Pasífae se rió despectivamente.
—Es irrelevante. Así que odio a los semidioses tanto como a los dioses, ¿sabes? Gaia me ha prometido a todos tus hermanos que sobrevivan a la guerra para que pueda ver cómo mueren lentamente en mi nuevo dominio. Ojalá tuviera más tiempo para torturaros a los dos como es debido. Una lástima...

"Ni recuerda que estoy acá" Pensó Ginevra: "Oh, cielos. Si me dieran una moneda por cada loco que ha revivido para hacer sufrir a la descendencia de quien le hizo mal en esta semana, tendría dos".

En el centro de la sala, las Puertas de la Muerte emitieron un agradable tintineo. El botón verde de subida situado en el lado derecho del armazón empezó a brillar. Las cadenas se sacudieron.

—Ya está —Pasífae se encogió de hombros como pidiendo disculpas—. Las puertas se están usando. Dentro de doce minutos se abrirán.

—¿Más gigantes?

—Afortunadamente, no —dijo la hechicera—. Ya están todos en el mundo de los mortales, preparados para el asalto final —Pasífae le dedicó una sonrisa fría —. No, me imagino que otra persona está usando las puertas... alguien no autorizado.
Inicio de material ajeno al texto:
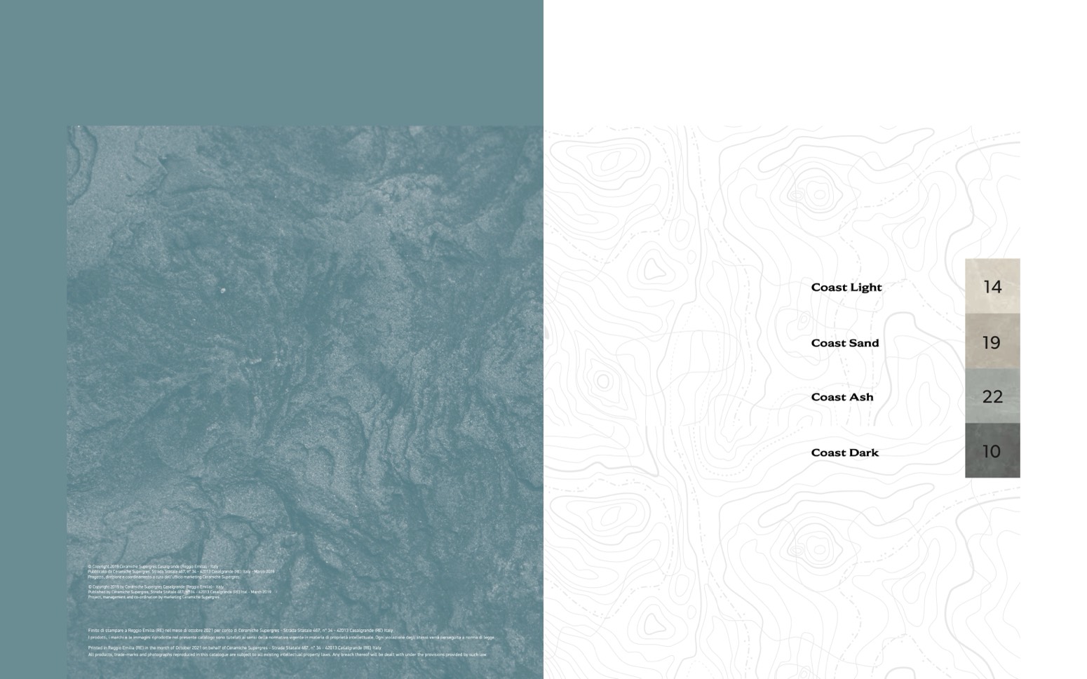 Printed in Reggio Emilia (RE) in the month of October 2021 on behalf of Ceramiche Supergres - Strada Statale 467, n° 34 - 42013 Casalgrande (RE) Italy
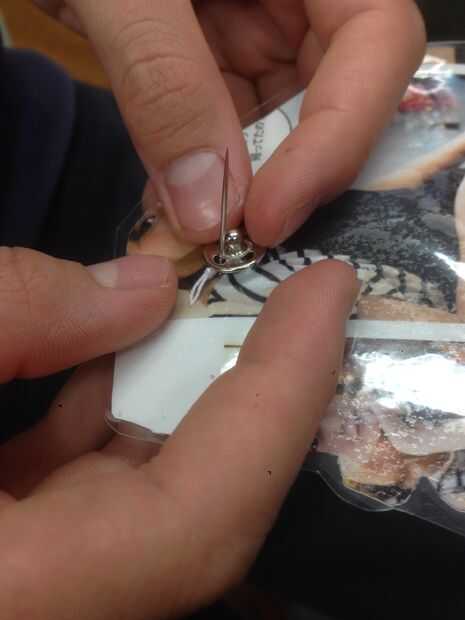 ・ラミネートした絵に、今度は先ほど使ったスナップボタンの凸を取り付ける。
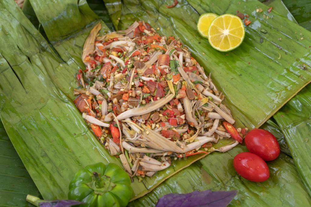 包烧是傣族特殊的一种烹饪方法,采用天然的芭蕉叶为烹饪工具,味道鲜纯,香中带辣,十分美味。图/视觉中国(编辑:金浩然)
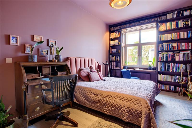 W mieszkaniu zachowano oryginalną stolarkę drzwiową i drewniane okna, które podkreślają charakter kamienicy.
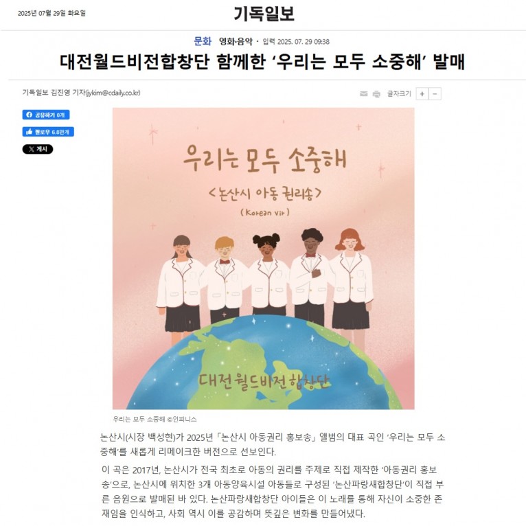 [기사] 대전월드비전합창단 함께한 ‘우리는 모두 소중해’ 발매(기독일보)
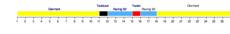 | Racing 92 | 6 | 3 | 5 | 4 | 4 | 3 | 2 | 3 | 2 | 4 | 2 | 1 | 1 | 1 | 2 | 1 | 1 | 2 | 4 | 3 | 4 | 3 | 4 | 4 | 4 | 4 |
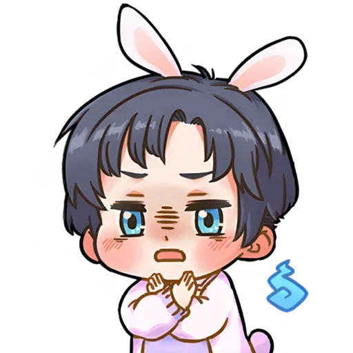 Personagem de anime com orelhas de coelho, expressão de surpresa ou preocupação, mãos no queixo e um símbolo azul ao lado.
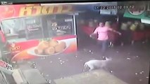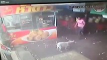 In CCTV footage filmed in what appears to be a market area, a man in a pink shirt takes exception to the animal.
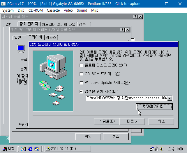 드라이버 설치 방법은 생각보다 간단하다. voodoo-avoodoo-banshee-10400 폴더 복사하고, 내 컴퓨터- 등록 정보 - 시스템 등록 정보에서 장치 관리자 열고, 디스플레이 어댑터 + 표준 PCI 그래픽 어댑터(VGA) 더블 클릭해서 등록 정보 띄운 뒤, 드라이버 탭에서 드라이버 업데이트 - 장치 드라이버 업데이트 마법사에서 위치 지정하고 부두 밴시 드라이버 설치해주면 됨.

Leo avanzó muy lentamente. De sus puños salió humo.
—Percy y Annabeth.

A Ginny por un momento se le tensó más el cuerpo. No sabía si el nudo que tenía en la garganta se debía a la alegría, la presión o la frustración. Si sus amigos habían llegado a las puertas, si de verdad iban a aparecer allí al cabo de doce minutos...

—Oh, no te preocupes —Pasífae agitó la mano con desdén haciendo que Ginevra sintiera un repentino dolor en la garganta—. Clitio se ocupará de ellos. Verás, cuando el timbre vuelva a sonar, si alguien no aprieta el botón de subida en nuestro lado, las puertas no se abrirán y quien esté dentro, puf. Se esfumará. O a lo mejor Clitio les deja salir y se ocupa de ellos en persona. Eso depende de ustedes dos.

—¿Cómo que depende de nosotros?

—Bueno, evidentemente, solo necesitamos una pareja de semidioses vivos — explicó Pasífae—. Los afortunados serán llevados a Atenas y ofrecidos en sacrificio a Gaia en la fiesta de la Esperanza.

—Evidentemente —murmuró Leo.

—¿Así que serán ustedes dos, tú y la otra chica o sus amigos del ascensor? —la hechicera extendió las manos—. Veamos quién sigue con vida dentro de doce... digo, once minutos.

La caverna desapareció en la oscuridad. Y con eso el resto de seguridad que sentía Ginevra Paris.